▶ [Requirement]: Every line of the data below should be retyped exactly, with no images carried over.

▶ [Provided material]:
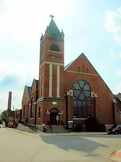 La construcción comenzó en 1892 y se completó en 1893. Se considera uno de los mejores ejemplos de la ciudad del estilo arquitectónico románico richardsoniano.[3] Un aspecto del edificio que lo hace especialmente notable son sus ventanas. La iglesia cuenta con enormes vitrales que fueron hechos a mano en Bélgica y ensambladas por trabajadores locales originarios de ese país.[1]
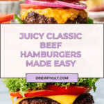 This Classic Beef Hamburger recipe delivers juicy, perfectly seasoned beef patties grilled or pan-fried to your preference and topped with fresh lettuce, tomato, onion, pickles, and your choice of condiments. Served on toasted buns with optional cheese, this timeless burger is ideal for a quick, satisfying meal that’s easy to customize and perfect for any casual gathering.
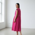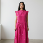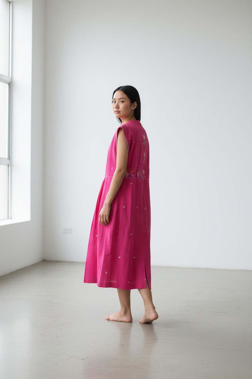 A bold interpretation of Bengal Jamdani, this high neck dress is handwoven in soft breathable cotton. Designed in a structured silhouette with box pleats from the waist, the bright pink base features striking patchwork placements of Bhomra’s pixelated lotus and hibiscus motifs, reflecting nature fractured into fragments.
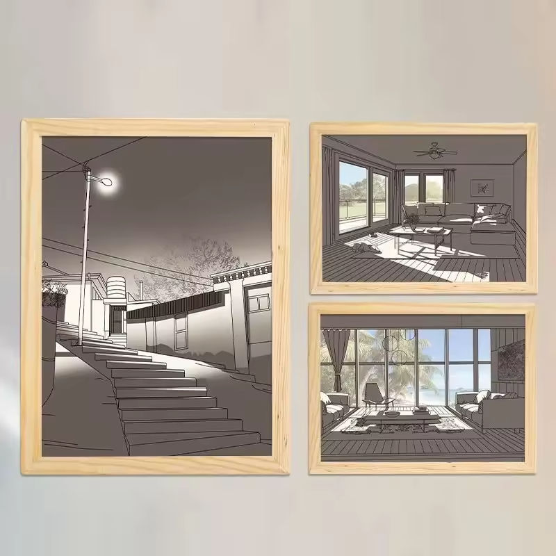 Lámpara Mural Decorativa para el Hogar Creative Life, Lámpara LED Recargable, Marco de Fotos con Diseño de Madera, Lámpara de Mesa con Luz de Dibujo
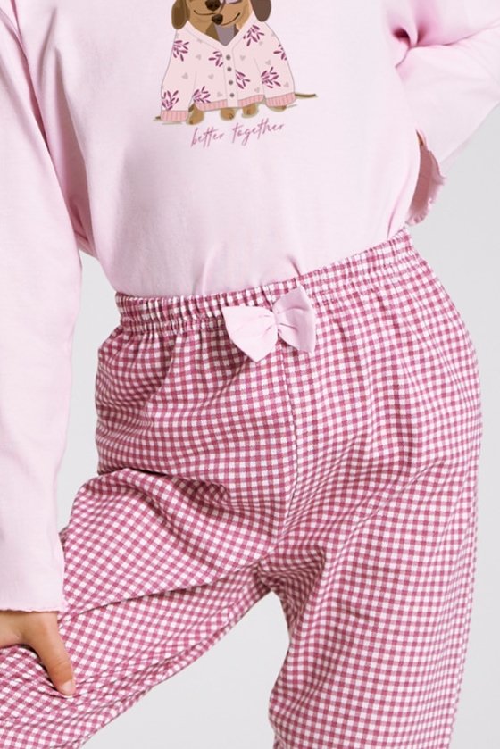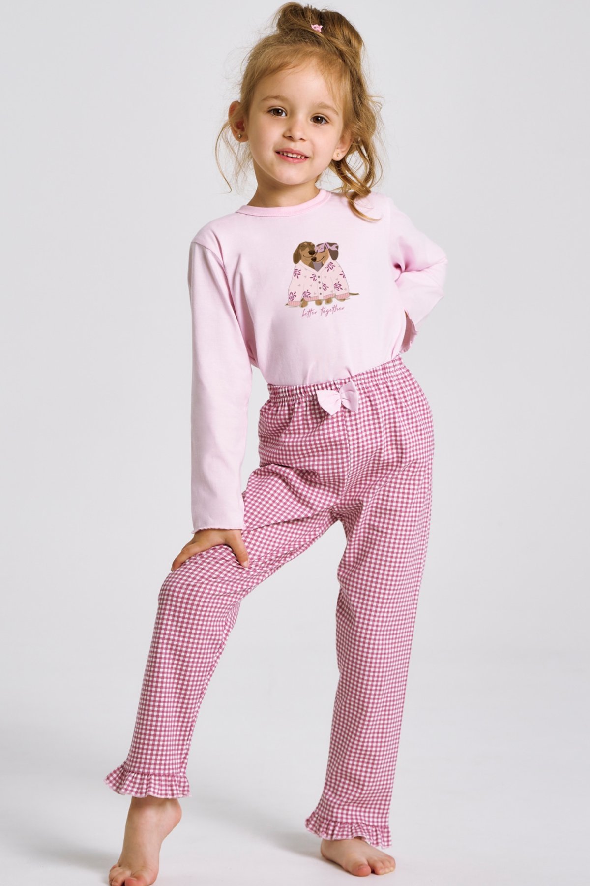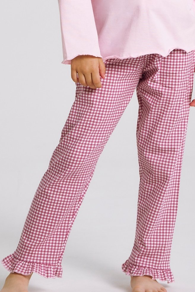 Horní díl s dlouhým rukávem zdobí barevný potisk, který dodává pyžamu hravý vzhled. Dlouhé vzorované kalhoty mají zakončení s volánkem a v pase pružnou gumu s ozdobnou mašličkou.
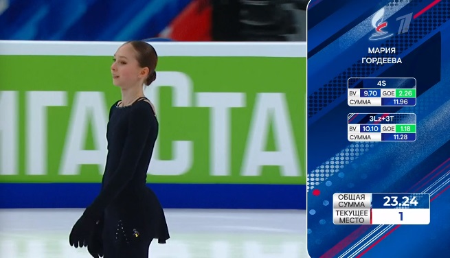 Мария Гордеева сразу делает чистый четверной сальхов! Каскад не получается, но есть время повторить. Делает 3 лутц + 3 тулуп. Не идеально, но сделано.

▶ [Solution]:
 La construcción comenzó en 1892 y se completó en 1893. Se considera uno de los mejores ejemplos de la ciudad del estilo arquitectónico románico richardsoniano.[3] Un aspecto del edificio que lo hace especialmente notable son sus ventanas. La iglesia cuenta con enormes vitrales que fueron hechos a mano en Bélgica y ensambladas por trabajadores locales originarios de ese país.[1]
 This Classic Beef Hamburger recipe delivers juicy, perfectly seasoned beef patties grilled or pan-fried to your preference and topped with fresh lettuce, tomato, onion, pickles, and your choice of condiments. Served on toasted buns with optional cheese, this timeless burger is ideal for a quick, satisfying meal that’s easy to customize and perfect for any casual gathering.
 A bold interpretation of Bengal Jamdani, this high neck dress is handwoven in soft breathable cotton. Designed in a structured silhouette with box pleats from the waist, the bright pink base features striking patchwork placements of Bhomra’s pixelated lotus and hibiscus motifs, reflecting nature fractured into fragments.
 Lámpara Mural Decorativa para el Hogar Creative Life, Lámpara LED Recargable, Marco de Fotos con Diseño de Madera, Lámpara de Mesa con Luz de Dibujo
 Horní díl s dlouhým rukávem zdobí barevný potisk, který dodává pyžamu hravý vzhled. Dlouhé vzorované kalhoty mají zakončení s volánkem a v pase pružnou gumu s ozdobnou mašličkou.
 Мария Гордеева сразу делает чистый четверной сальхов! Каскад не получается, но есть время повторить. Делает 3 лутц + 3 тулуп. Не идеально, но сделано.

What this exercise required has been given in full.